I’m doing this book an injustice by including it in a list and not providing a full review. Every leader should read this book. Powerful and humbling, this book celebrates the strength of human leadership in all its forms. Drawing on an impressive combination of psychological and organisational research and real life examples – many drawn from the military, Sinek powerfully creates a compelling picture of powerful and hurtful leadership. A must read for leaders in education who too often fail to show genuine care, empathy and concern for their staff. Or to put it glibly, they’re the first to the pizza on Parent Teacher interview night. Check out Sinek’s Ted Talks then read the book. File next to Bob Sutton and Patrick Lencioni on the bookshelf.
Rookie Smarts – Liz Wiseman
If you’ve been waiting for the follow up to Multipliers and The Multiplier Effect then it has finally arrived. This book was not what I thought it was going to be.
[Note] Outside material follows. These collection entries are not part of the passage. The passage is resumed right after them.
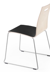
Chair 73 with laminate on one side, with hole for a handgrip
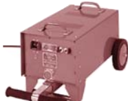
Type 6165 Standard Magnetic Ballast
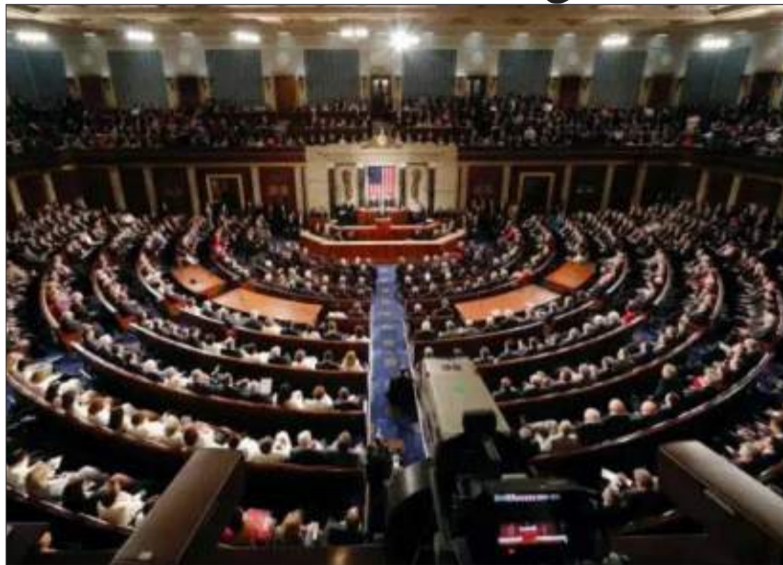
The US Congress

The recommendations put forward by the Congress, in conjunction with House Foreign Affairs Committee and House Appropriations Committee, followed months of
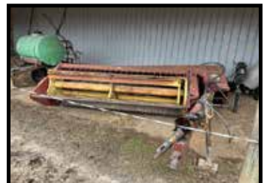
New Holland #489, 9 ft. mower-conditioner
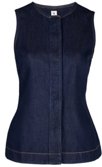
Dark Denim Longline Co-ord Waistcoat £19.50
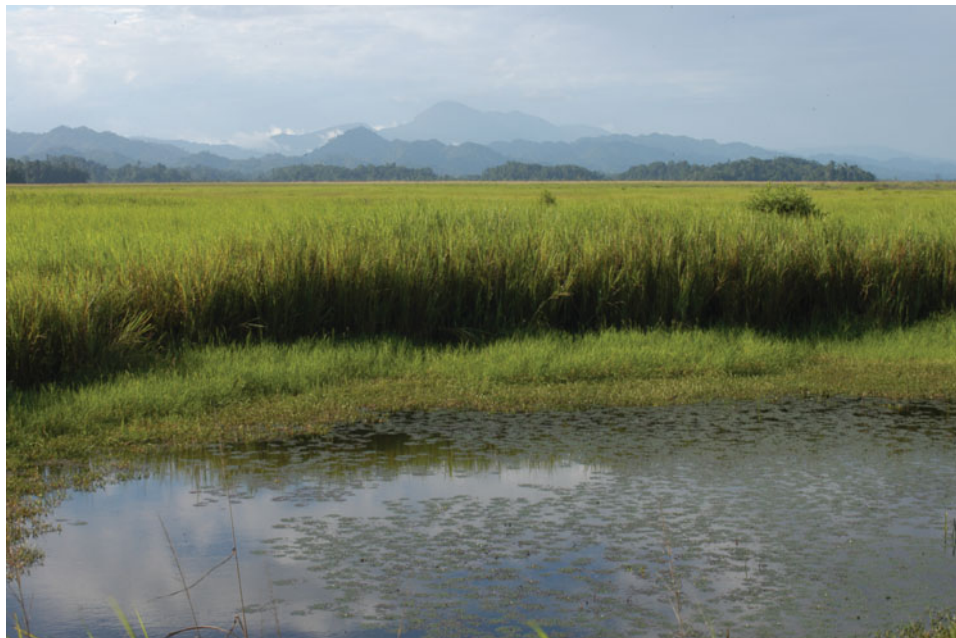
Figure 7. Kamaing area, Kachin State. The photograph shows one of the large grasslands studded with pools near the Nat Kaung river.

On 16 October, the survey team received a report from Poh Sa, a farmer along the Nat Kaung river, who reported that, in September–October 2004, while looking for rubies near Za Baw
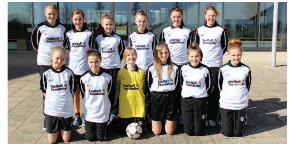
Under 13 Girls' Football Team

So far this season the girls have played immensely well and at the time of writing remain unbeaten! They are already well on their way to win their group, which will see them play the Winners of Group B to compete for the Solihull League Title. They are also through to the Semi-Final of the Solihull Cup. The girls also recently took part in the North Solihull Under 13 Football Championships where they ended up as Runners-Up. Good luck to the girls for the rest of the season and let's bring home a resounding Park Hall win!
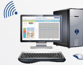
Visualisation in office
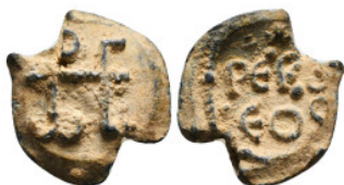
569 Byzantine Lead Seal 4,92 g - 19,65 mm
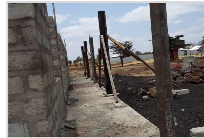
Constructing the walls
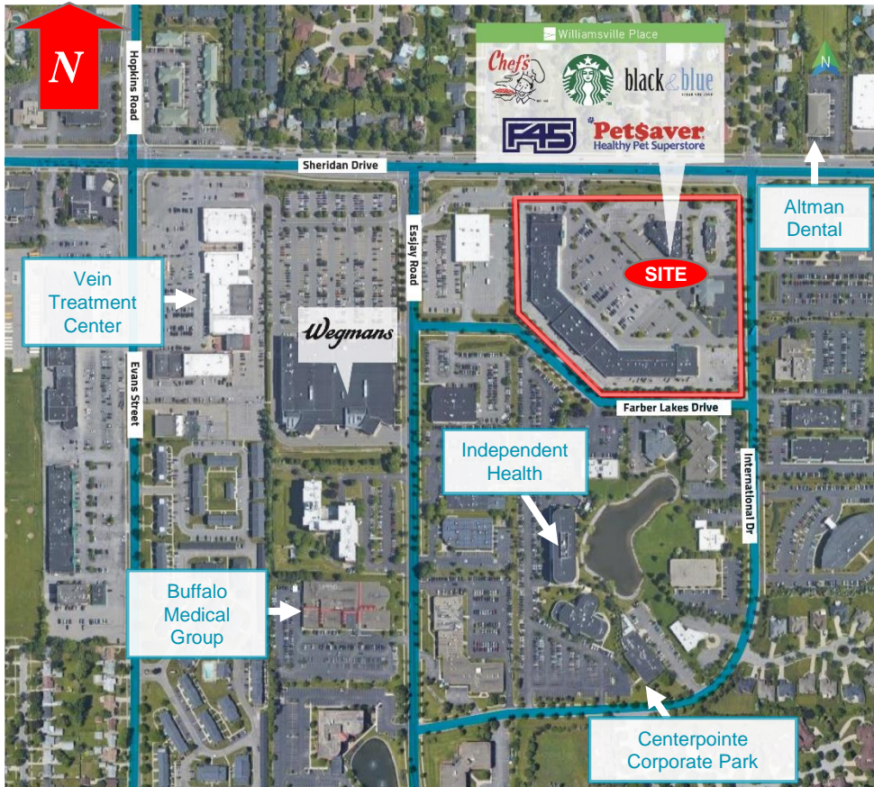
Existing Area Medical Users

Professional and Medical Office / For Lease
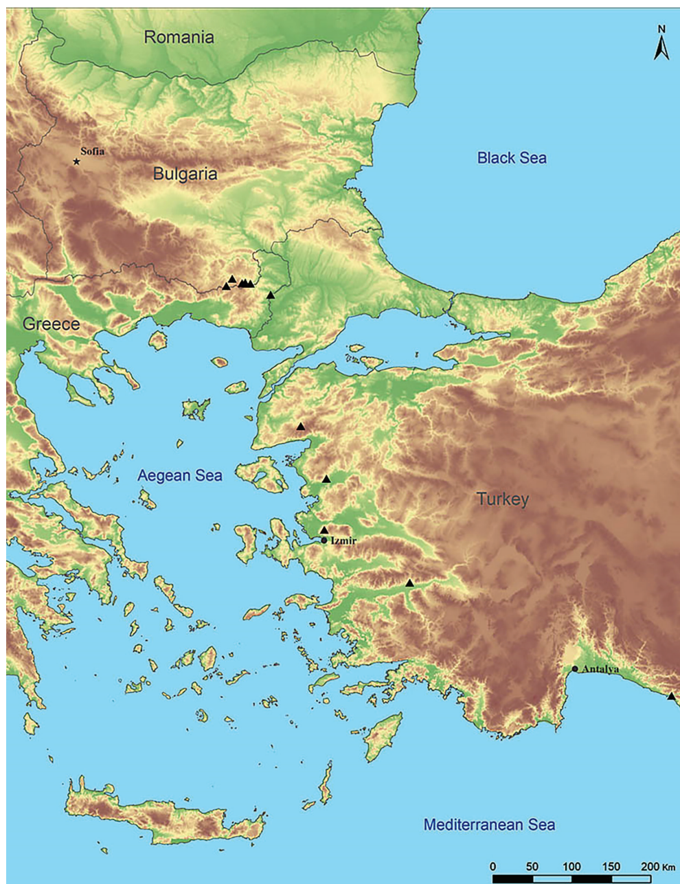
Fig. 2. Distribution map of Lupinus gredensis (solid triangles) in Bulgaria and Turkey.

seminatural dry stony grasslands, among sparse scrubs of Juniperus , only a few individuals were found.
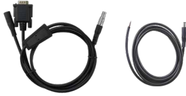
1 x Serial-5pin to DC JACK & DB9 Male Cable 1571010000070 1691020000070
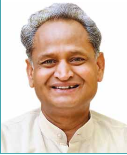
Ashok Gehlot Chief Minister, Rajasthan

“Extending heartiest greetings on the completion of three years of the state’s sensitive, transparent and accountable government. I wish for the happiness, prosperity, healthy life and all round development for the people of the state. Come, let us together take steps for the all-round development of Rajasthan with full devotion and commitment, and play our role with mind, promise and duty by being a partner.”
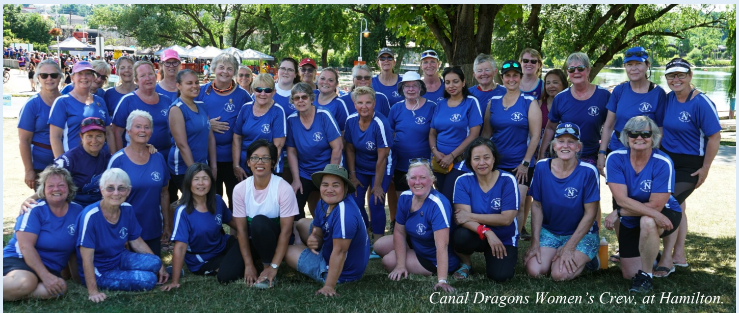
Canal Dragons Women's Crew, at Hamilton.
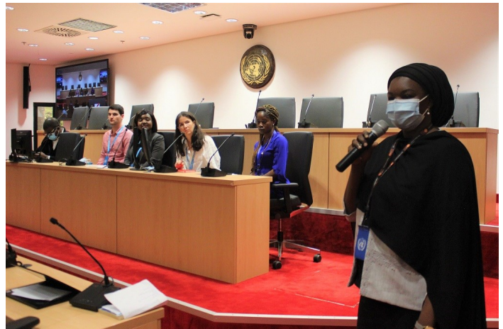
A cross-section of a panel discussion with UN Volunteers and youth, organised by UNFPA at the UN House in Abuja.

UNFPA, in collaboration with other United Nations agencies, organized a panel discussion with UN Volunteers and youth from outside of the UN to discuss on how peacebuilding, security, and human rights relates to their organizations' mandate area. The UNFPA Panel Discussion provided a platform that encouraged an exchange of views and experience sharing on the nexus between peace, security, human rights and the role of the youth particularly regarding civil society and youth action in Nigeria. The Panel Discussion provided an opportunity for greater understanding amongst youth of the nexus between peacebuilding, development and human rights; and enhanced awareness on mechanisms and unique opportunities that promote peace and achieving peace through the promulgation of human rights. It also contributed to cultivating youth responsibility to take up action that facilitates the achievement of peace and human rights.
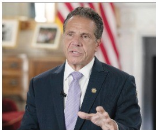
Gov. Andrew Cuomo gives a virtual COVID-19 briefing July 28 in the state Capitol in Albany.
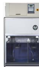
SOLARBOX R.H. with Humidity Control

We reserve the right to make changes to equipment and systems in response to advances in technology and modify parameter values accordingly.
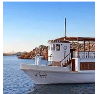
On board the dahabeya
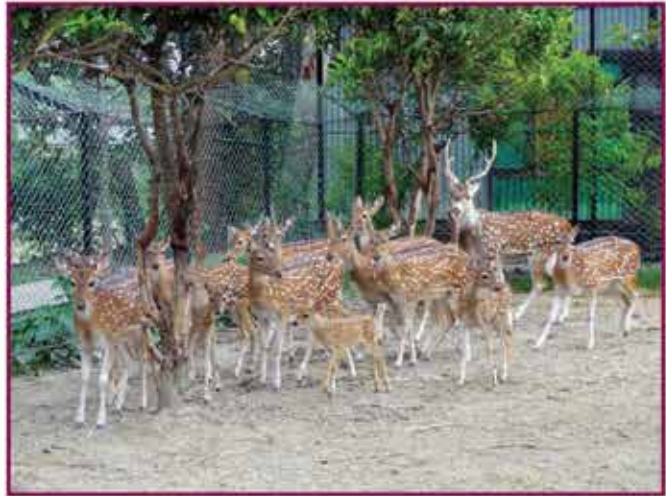
Inspector and Research Officer visit Deer Conservation Centre and approved Firming License
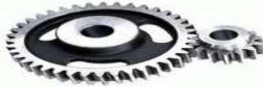
Fig 2 Larger gear connected to smaller gear

The description of this technique is that as you see in the figure 1 we are going to make a gear like system in the wheel and going to fix another small gear in to that so that when a wheel rotates the small gear rotates.
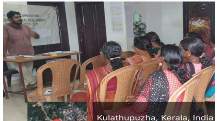
Kulathupuzha, Kerala, India
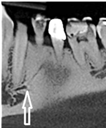
Fig. 2. Single, posterior and cervical mandibular canal branch (white arrow) toward horizontal bone loss.
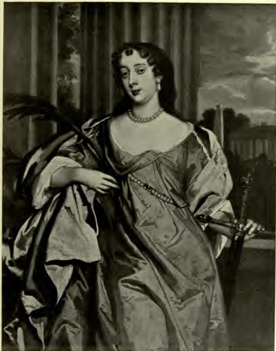
BARBARA, DUCHESS OF CLEVELAND. From the painting in the National Portrait Gallery.
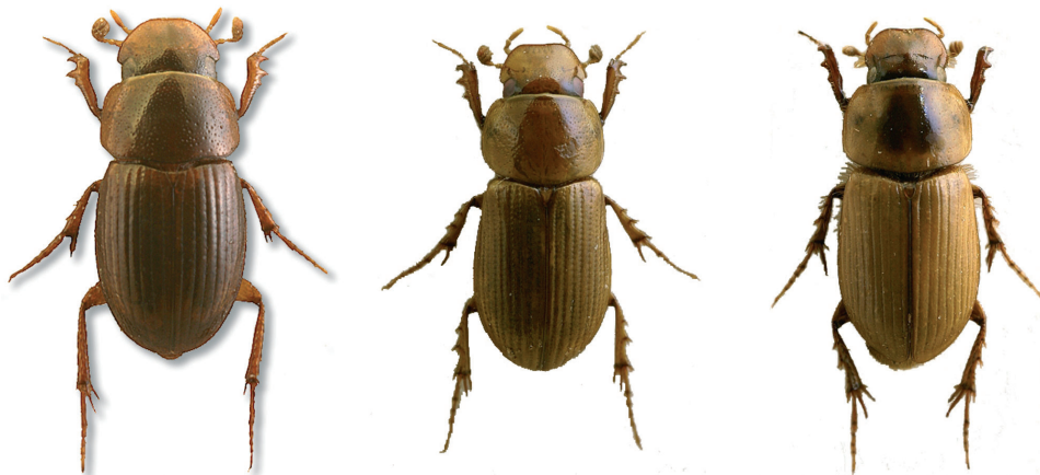
Figs 1-3. Habitus. 1. Aphodius (Coptochiroides) laotianus sp. n., 2. A. (C.) subcostatus (Kolbe) (China, Yunnan pr., Lijiang), 3. A. (Bodilus) saoudi (Paulian) (Saudi Arabia, Hieth)

Elytra shagreened though still somewhat shining. Scutellum narrow, triangular, sides arcuate, surface with two punctures near base. Elytral grooves narrow, punctures of grooves rather fine,
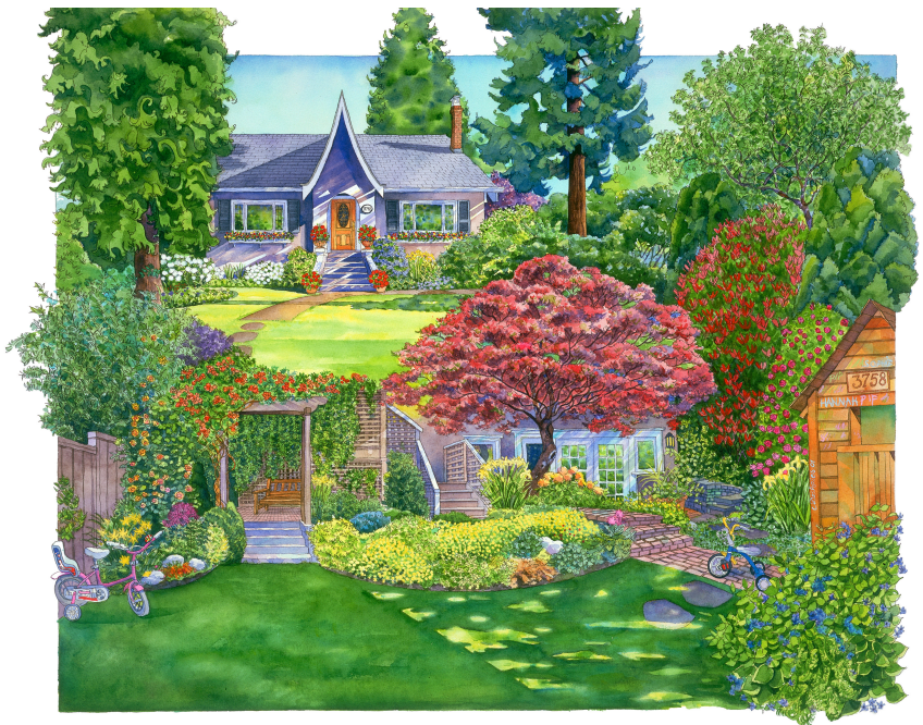
Davis Residence Original 22" x 30"

The Vancouver Sun, cover New Home Section February 1998
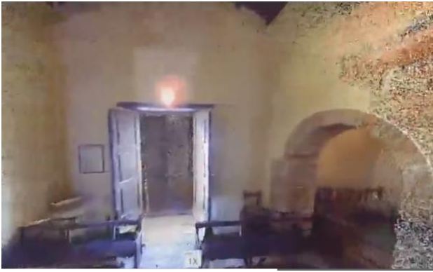
Figure 5. Sant'Antonio Abate Church – Union of clouds
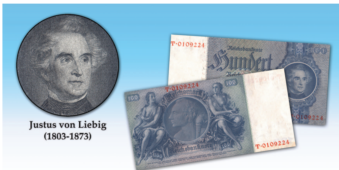
Justus von Liebig (1803-1873)

Naturalist Alexander von Humboldt steered Justus Liebig (1803–1873) from Gay-Lussac's private Parisian laboratory (1822–1824) to a chemistry professorship at Giessen in central Germany (1824–1852). There Liebig founded the world's first university-based research laboratory, unveiled chemical isomers, invented his "kali apparatus" (for combustion-based carbon analysis), theorized about chemical radicals, and edited the leading chemical journal. After pioneering nitrogen-based agricultural fertilizers in the late 1830s, Liebig published tomes on agricultural and physiological chemistry. As " Freiherr [Baron] von Liebig" by 1845 and "Munich Professor von Liebig" (1852–1873), he presided over the Bavarian Academy of Sciences and then mass produced nutritional meat extracts until his death. From 1935–1945, Liebig's portrait ( above left) graced the obverse of the 100 Reichsmark banknote. The academic forefather of nearly all of today's professors of organic chemistry, Liebig is hailed by anesthesiologists as the third man to independently discover chloroform. ( This image also appears in the Anesthesiology Reflections online collection available at www.anesthesiology.org.)
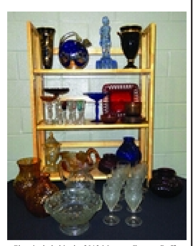
Glass included in the 2013 Museum Forever Raffle.
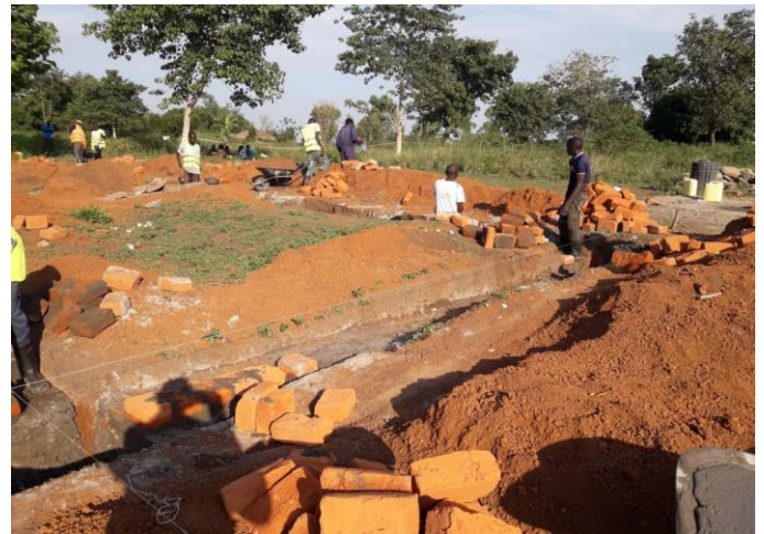
Machine shade construction works at ACTs Draijini subcounty- Yumbe district
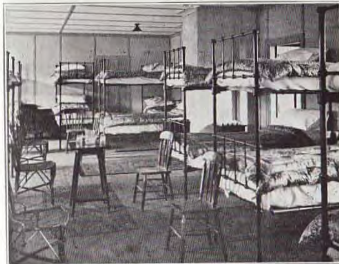
THE MEN'S DORMITORY.
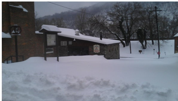
Anyone want to take a drive on Hog Alley?
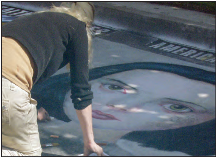
Via Arté gave Bakersfield the opportunity to show its creative side. Story on Page 4.
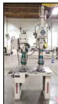
(2) RMT & CLAUSING Drill Presses
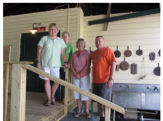
Another view of the ramp
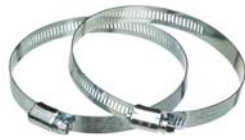
Metal Worm Gear Clamps
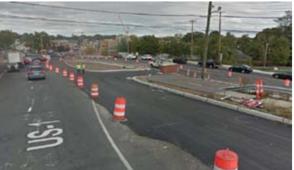
No safety signage for pedestrians during construction near a university and mixed-use area in West Haven
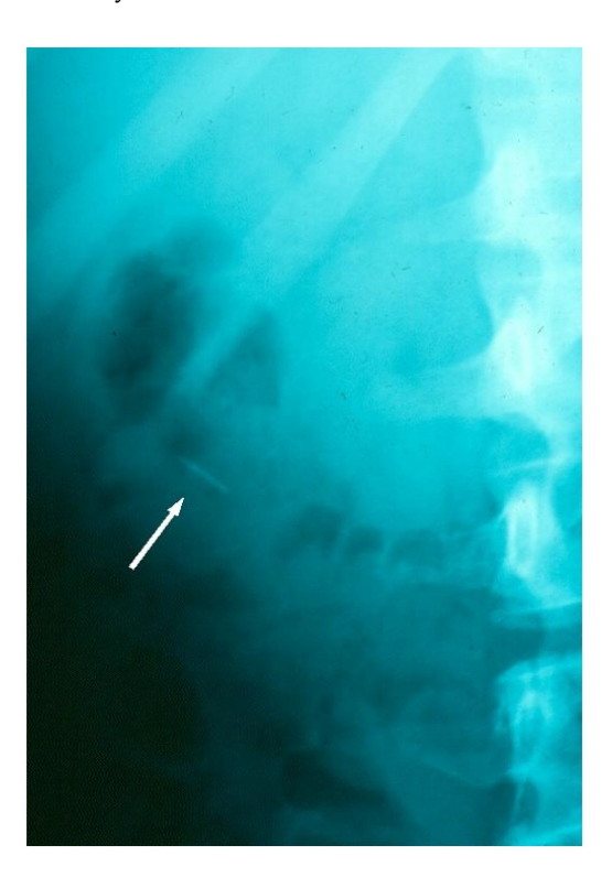
Figure 2. Radiographic tracking view, confirming the archwire fragment location in the colon, during its safe passage through the GIT.

archwire fragment had passed safely and uneventfully through the gastrointestinal tract (Figures 2 and 3). Following discharge there was rapid recovery to full health. Orthodontic treatment was resumed and completed successfully without further incident.
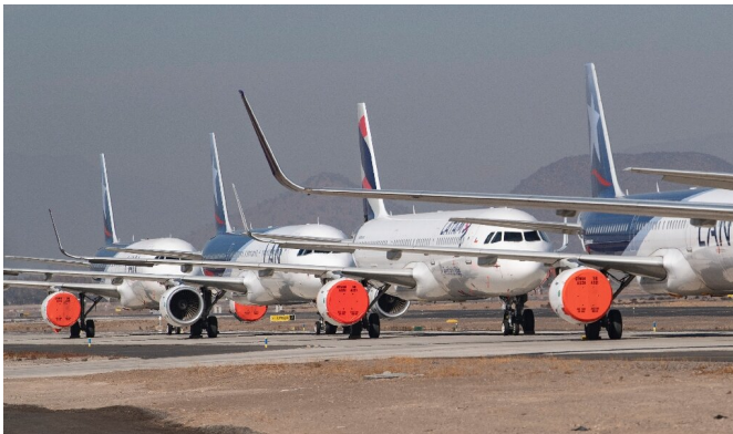
LATAM airlines aircraft sit on the tarmac at Santiago airport

In Argentina, state-owned Aerolineas Argentinas announced a merger with its subsidiary Austral this month to reduce infrastructure and staff to save up to $100 million.
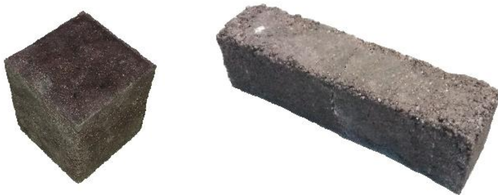
Figure 1. Waste plastic-based concrete samples.

The samples were made of fine aggregate (aggregate size 0 - 4 mm) and waste PET which was cut into small pieces. The production consists in homogenizing the mixture of plastic waste and fine aggregate in the weight ratio of 23:77 at high temperature. At first, the aggregate was heated up to a temperature of about 430 °C. After that, the PET waste was added to the aggregate and melted. After mixing the two components, the temperature decreased, and the mixture was homogenized. Optimal workability of the mixture was reached at about 310 °C, when the consistency of the mixture was viscous. Then, the mixture was placed into the prepared forms. The forms were pre-heated to eliminate the thermal shock which could cause a surface disruption of the samples. After that, the moulds with the mixture were left at room temperature and after cooling, the samples were removed from the moulds. Overall, eight samples were made, four samples were cube shaped and four samples were beam shaped. The dimensions of cube shaped samples were 100 x 100 x 100 mm and the dimensions of beam shaped samples were 50 x 50 x 200 mm (figure 1).
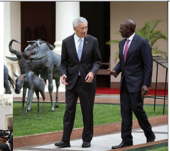
PM Lee in discussion with Kenya's President William Samoei Ruto at the State House (above) and (left) in delegation discussing amongst other matters economic cooperation. Bilateral trade in 2021 increased by almost 25% year-on-year despite COVID-19, making Kenya one of Singapore's important trading partners in Sub-Saharan Africa. (Below): three MOUs were signed focusing on ICT, climate change, and human capital development

Prime Minister Lee Hsien Loong's official visit to Kenya from 17th to 19th May 2023 cements bilateral relations, fosters collaboration in the green economy, digitalization, and climate change, unlocking new avenues for mutual progress and development
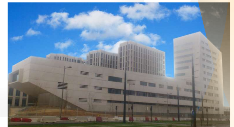
FACULTY OF SCIENCE FOR THE HEALTH, GRANADA MEP FACILITES & FIRE FIGTHING AND EXT SYSTEM

HOSPITALS HOTELS SHOPPING MALLS OFFICE BUILDINGS RESORTS INDUSTRIES PUBLIC INSTITUTIONS SPORT CENTERS ELDERLY HOSPITALS
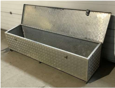
41. M - STEEL TOOL STORAGE UNIT L 6.6 FT X W19" X H 21"
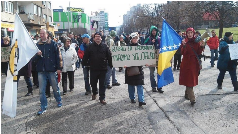
Photos of the office of the Plenum, and protests in Zenica
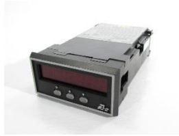
IM Series Meter

The PAX Meters are the designated replacement for the IM Series meters. The chart below compares the features of the two products. Other PAX models may also offer replacement capability; refer to the Product Replacement Guide on our website for additional details regarding specific part numbers.
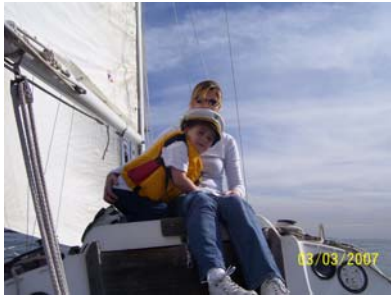
Checking out the view topsides in San Diego
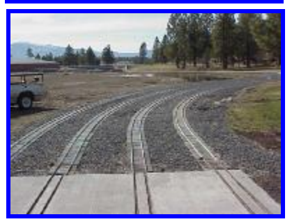
(Continued on page 3)
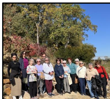
LDC shoreline tour

CAR-SGC CONFERENCE: Congratulations to New Jersey for a successful 2024 conference. Save the date for October 19-21 (bus tour on 22 nd ) for the 2025 Conference/Tri-Refresher to be held in Maryland. Hope you'll join us.

I had assumed it would be a field guide for aspirant leaders or rookies on how to make it in the big city, but how wrong I was. Wiseman instead advocates for rookies and shows some compelling data that shows it is often rookies – unencumbered by the baggage of experience and bureaucracy – that perform at much higher levels than their more experienced colleagues. Wiseman then shows how all of us can adopt different aspects of the rookie mindset to increase and better our performance. Great read if you are stuck in a rut, or are supporting someone who is. Slot in with Wiseman’s other works and also Seth Godin’s Tribes.
Scaling Up Excellence – Bob Sutton and Huggy Rao
New Bob Sutton! New Bob Sutton! New Bob Sutton! I have to admit to some disappointment upon reading this book, which is more of a reflection on how much of a mark I am for his previous works Good Boss, Bad Boss and The No Asshole Rule. In truth this is an excellent business and management book, which takes you through the processes of taking a good organisation and making it outstanding – Scaling Up in their vernacular. Perhaps it misses some of the folksiness and personality existent in his previous works, but still well worth a look. File under Jim Collins’ Good to Great and Lafley and Martin’s Playing to Win.
Okay, so not technically a read from 2014, but probably the book that made the biggest splash in 2014. When Bill Gates mentioned on his blog that his favourite business book was called Business Adventures – a collection of New Yorker essays – lent to him by Warren Buffet in the early nineties the internet and booksellers in downtown New York went nuts. The book itself had been out of print for years, and copies were selling on Amazon.com for hundreds of dollars. Gates still had not returned the loaned copy to Buffet either (Don’t you just hate friends that don’t return books!). But this is the era of the E-book and soon copies were available to download. By September the book had gone into reprint (London based publishers John Murray Learning thanked their lucky stars they still had the rights) and now every bookstore and newsstand has dozens of copies on hand.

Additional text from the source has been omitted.